Ghost seats accumulate from four main causes: employees leaving without account removal, trial users who never converted to active users, role changes that made a tool irrelevant for certain people, and acquisitions that brought in duplicate accounts.
Should I delete unused software accounts immediately?
No - suspend first, don't delete immediately. Notify the user that their account will be removed in two weeks. If they don't respond, then remove the account. This avoids accidentally cutting off someone who is a legitimate user but had an unusual stretch of inactivity.
How much money can I save by removing unused software seats?
On a $15/seat/month tool with 6 unused seats, that's $90/month or $1,080/year. Across a typical small business with 10+ SaaS tools, recovering wasted seats often saves $2,000 to $8,000 annually.
Is unused seat tracking the same as license management?
Yes. Managing unused seats is the practical core of SaaS license management for small businesses. Both terms describe tracking the gap between licenses you pay for and licenses that are actively used.

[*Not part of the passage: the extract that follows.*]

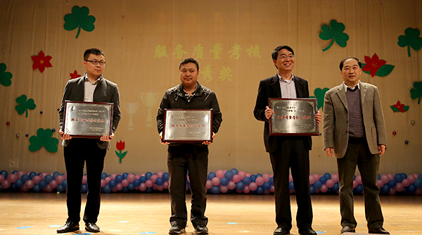 大会对后勤保障部2013年度先进集体和个人予以表彰 大会对后勤保障部2013年度2个先进集体、3个后勤服务质量考核优秀单位和12个先进班组、59名先进个人予以表彰。会上,表彰颁奖与表演节目穿插进行,各个环节安排紧凑,在厉行节约的同时,后勤保障部的文艺演出创新形式、内容丰富,全场气氛高涨,欢呼声不断。

License management is the broader practice; unused seat tracking is where the most immediate savings are found.
How do I manage software licenses and prevent seat waste?
Four practical steps: run a quarterly review of every per-seat tool and compare paid seats to active users; reclaim seats from ex-employees immediately during offboarding rather than waiting for a periodic review; set a utilization floor - for example, flag any tool where fewer than 70% of paid seats are actively used; and assign a named owner to each tool who is accountable for seat count decisions at renewal time.